= Task directions =
Look through the data below and return each line where "Konnevesi" appears.

= Given entries =
* * * * * * * * *

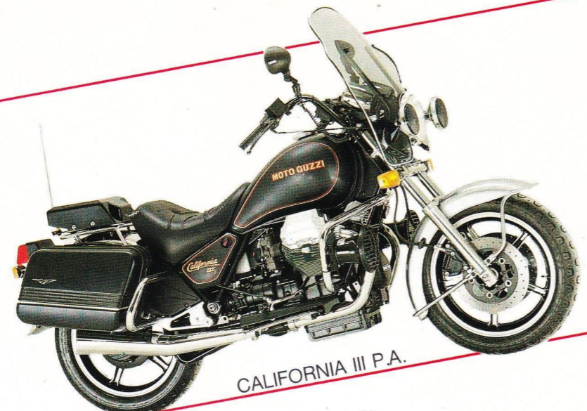
CALIFORNIA III P.A.
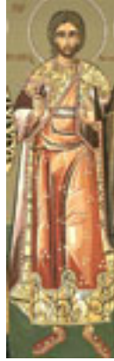
Άγιος Υάκινθος ο κουβικουλάριος
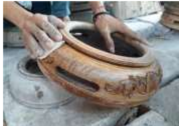
Foto tahap penghalusan kayu
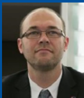
Davor Ivo Stier képviselő (Horvátország)

“Mélyreható változások korában élünk, amelyek paradigmaváltást igényelnek, és szükségessé teszik az uniós fejlesztéspolitika megújítását. A 2015 utáni uniós és globális fejlesztési keretnek a szegénység kiváltó okait kell kezelnie a tünetei helyett. Az emberekre kell összpontosítania és igazságosnak kell lennie, minden cselekvés középpontjába az emberi méltóságot helyezve. Az új globális fejlesztési keretnek a következő sarokkövekre kell épülnie: globális jó kormányzás és az igazságosság érvényesítése mindenki számára hatékony, elszámoltatható és befogadó intézmények révén.”
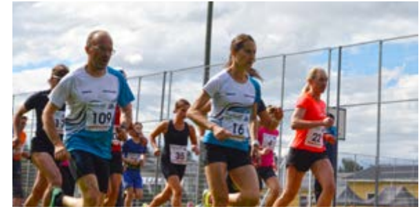
Konnevesi Cross Run 2018, kuva: Rositsa Bliznakova

Konnevesi CrossRun juostiin 30.6.2018 Lapunmäellä kolmannen kerran. Matkoina olivat edelleen 13 km ja 25 km kilpasarjassa, 13 km hölkkä- ja patikkasarjassa.
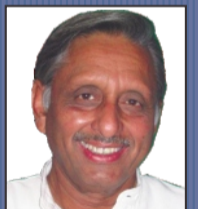
श्री मणिशंकर अयर ( पूर्व केन्द्रीय मंत्री )
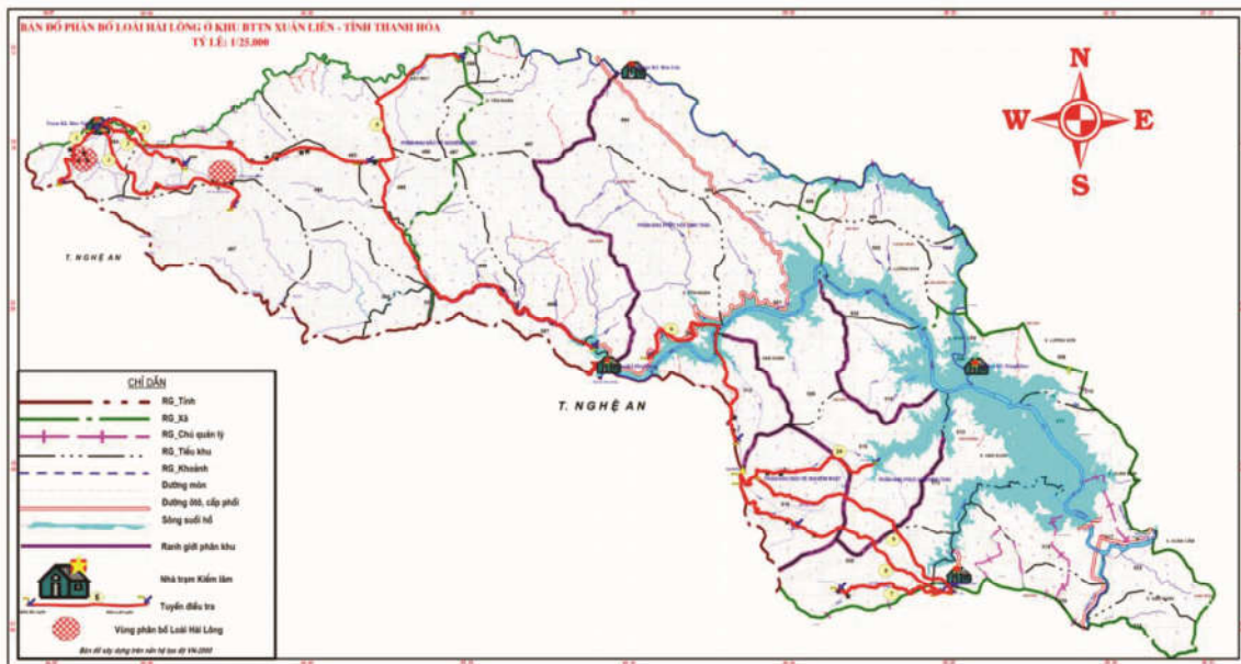
Hình 3.2. Bản đồ phân bố lan Hải long tại Khu BTTN Xuân Liên (điểm tròn đỏ)

biến ở đây, đặc biệt như Aerides odorata , Bulbophyllum purpureifolium , B. ambrosa , Dendrobium aduncum ,... Các loài cây ưu thế là các cây lá rộng ở kiểu rừng này thường gặp như Burretiodendron hsienmu (Tiliaceae), Meliaceae, Cinnamomum sp., Ficus spp. (Moraceae), Quercus sp. (Lauraceae),... những cây ở lớp Thông như Amentotaxus argotaenia , Calocedrus macrolepis ,... đôi khi cũng có mặt nhưng ở độ cao 900 -1000 m. Rất nhiều loại mọc trên đá cũng có mặt ở đây đặc biệt các loài trong họ Acanthaceae, Araceae, Rubiaceae, Urtiaceae và các loài Cói, Dương xỉ bám đá.
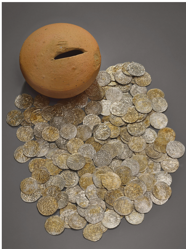
3. kép – A leletegyüttes / Image no. 3 – The assemblage

A magyar pénzermék korrendjének kialakításánál Kálnoki-Gyöngyössy Márton 2003-ban publikált doktori disszertációja, 13 Huszár Lajos 14 és Pohl Artúr korai művei, 15 illetve V. Székely
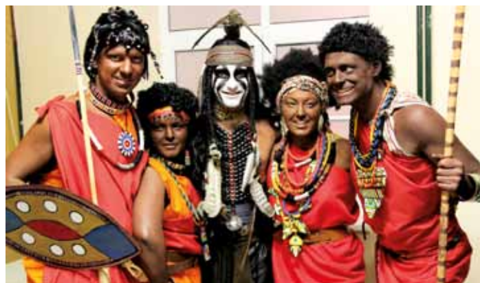
Karneval DBSK - vítězné masky, březen 2015
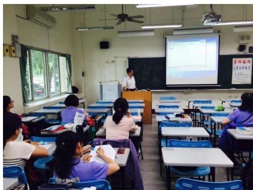
活動說明：師生合影
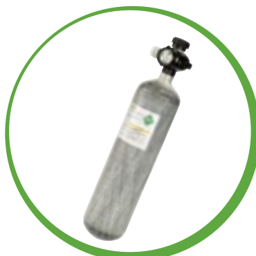
Cilindro de Fibra de Carbono
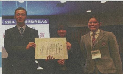
高校生エシカル推進委員会
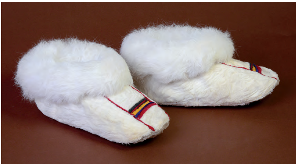
Rénszarvasprém mamusz, női, nyenyec Urál vidéke, Északnyugat-Szibéria, Oroszország, 2006 Néprajzi Múzeum; ltsz.: 2007.4.1.1–2

Bizonyos környezettípusok kiemelt szerepet kapnak az életünkben. Ilyen érzelmileg kiemelt jelentőségű tér az „otthon” is, mely egyszerre jelenti magát a lakóhelyet és a lakásban való viselkedési normákat is. Az otthoni közegben, a privát szférában szabadabban, ellazultabban viselkednek az emberek, lekerülnek róluk az utcai öltözetek, s felváltják őket az otthoni ruhadarabok, lábbelik. Az otthoni szféra szabályozása nemcsak a viselkedési normákban, de az öltözködés tekintetében is nagyon változó. Vannak népek, ahol az otthoni térben kötelező a mezítlábasság, van, ahol bőrcapát, van, ahol mamuszt, papucsot vagy zoknit illik viselni.
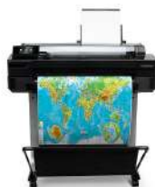
ePrinter HP Designjet T520 A1/610mm
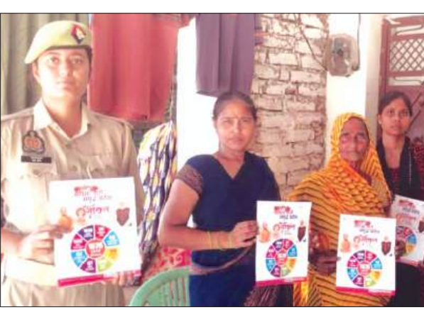
महिला सशक्तिकरण, लैंगिक अपराध, नवीन कानूनों, साइबर अपराध एवं उसके बचाव के उपायों, धरेलू हिंसा, विभिन्न हेल्पलाइन नंबरों एवं शासन द्वारा प्रचलित योजनाओं

पुलिस ने मिशन शक्ति 5.0 के तहत जागरूकता कार्यक्रम आयोजित किए। इस भीषण गर्मी में भी पुलिस शहर से लेकर ग्रामीण इलाकों में छात्राओं व महिलाओं को जागरूक कर रही है। मिशन शक्ति अभियान के तहत पुलिस की ओर से नारी शक्ति को जागरूक करने के लिए सभी थाना क्षेत्रों में महिला पुलिस कर्मी भ्रमण कर भीड़-भाड़ वाले स्थानों पर रुककर सरकार द्वारा महिलाओं की सुरक्षा के लिए चलाये जा रहे टोल फ्री नम्बरों के प्रति जागरूक किया जा रहा है। महिला थाना क्षेत्र में मिशन शक्ति टीम द्वारा महिलाओ/बालिकाओ को
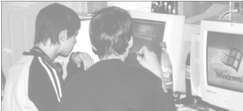
Dataintresset var stort. LAN-partyt pågick i 32 timmar.

Bygdegården är till för Ljungstorpsbor i alla åldrar. Med den här sortens arrangemang vill bygdegårdsföreningen visa ungdomarna att även de kan ha glädje av Ljungstorps Bygdegård.
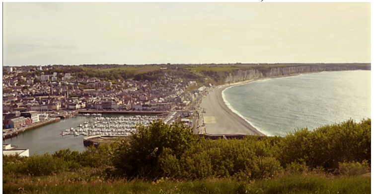
Fécamp og klippene syd for byen.
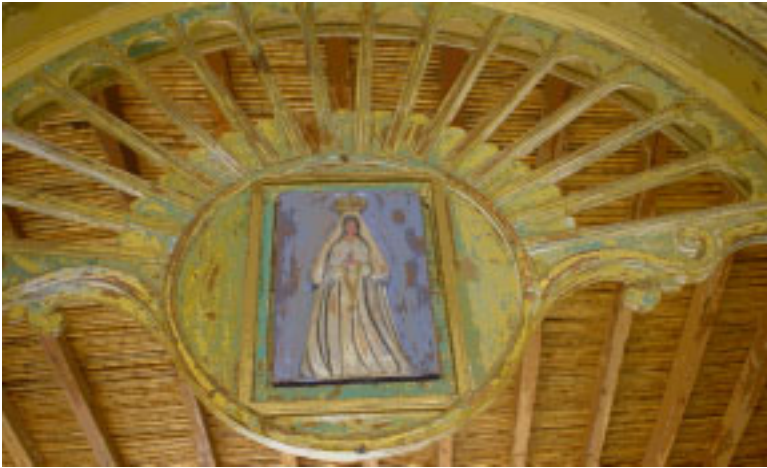
Virgen del Valle.

Relieve; talla en madera de cedro policromada.
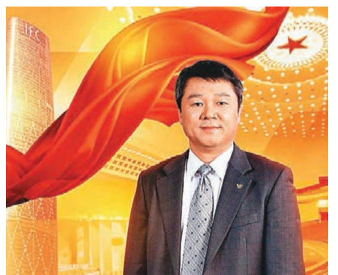
張招興建議加快推進房貸利息抵扣個稅。

香港文匯報訊(記者 胡若璋 兩會報道)近期,關於「房貸利息抵扣個稅」的傳聞不斷。市場普遍認為,房貸利息抵扣個稅一舉多得。不僅可加速消化房地產庫存,有利解決目前商品房庫存高企和結構過剩的突出問題,降低經濟金融風險,還能切實增加城鎮居民可支配收入,提升消費能力。全國人大代表、越秀集團(0123)董事長張招興出席兩會期間建議,當前應加快研究推出房貸利息抵扣個稅政策,有限額減免個人所得稅。
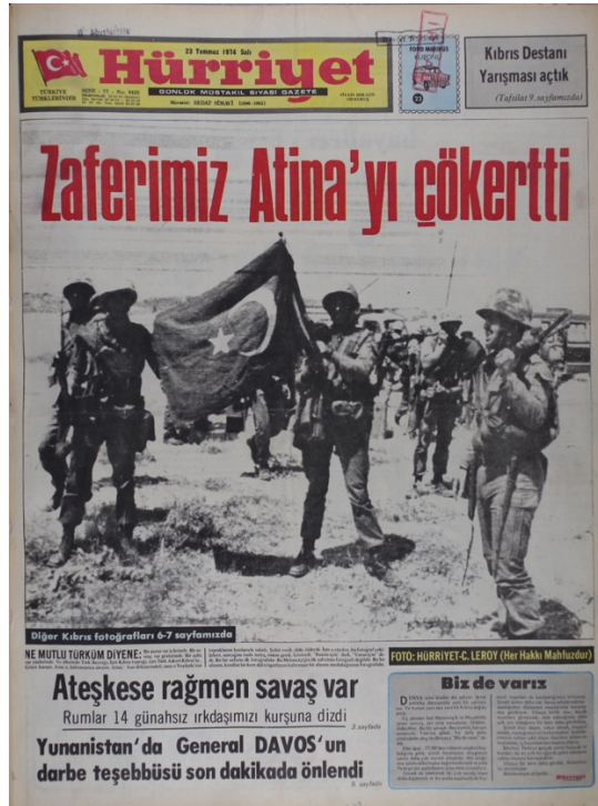
Hürriyet Gazetesi, 23 Temmuz 1974, Sayı 9435
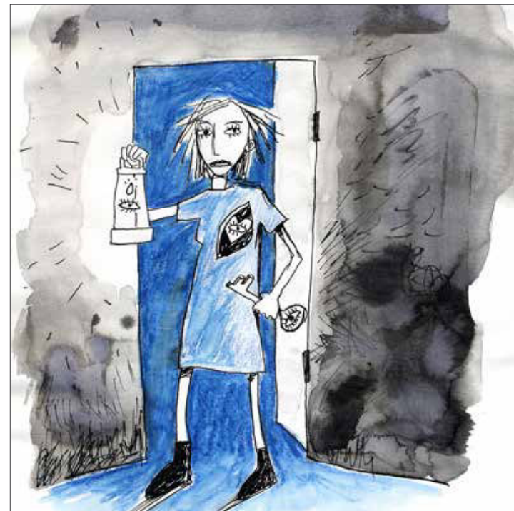
// die kammer (the chamber) // violence against women // fairy tale illustration, unpublished
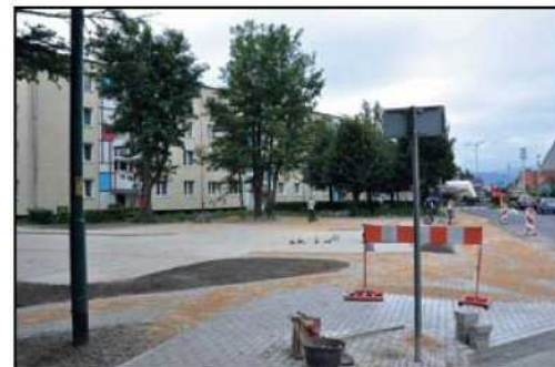
Każdego roku miasto buduje i remontuje istniejące parkingi zwiększając wciąż niewystarczającą liczbę miejsc do parkowania

* * * * * * * * *

= Exercise response =
Konnevesi Cross Run 2018, kuva: Rositsa Bliznakova
Konnevesi CrossRun juostiin 30.6.2018 Lapunmäellä kolmannen kerran. Matkoina olivat edelleen 13 km ja 25 km kilpasarjassa, 13 km hölkkä- ja patikkasarjassa.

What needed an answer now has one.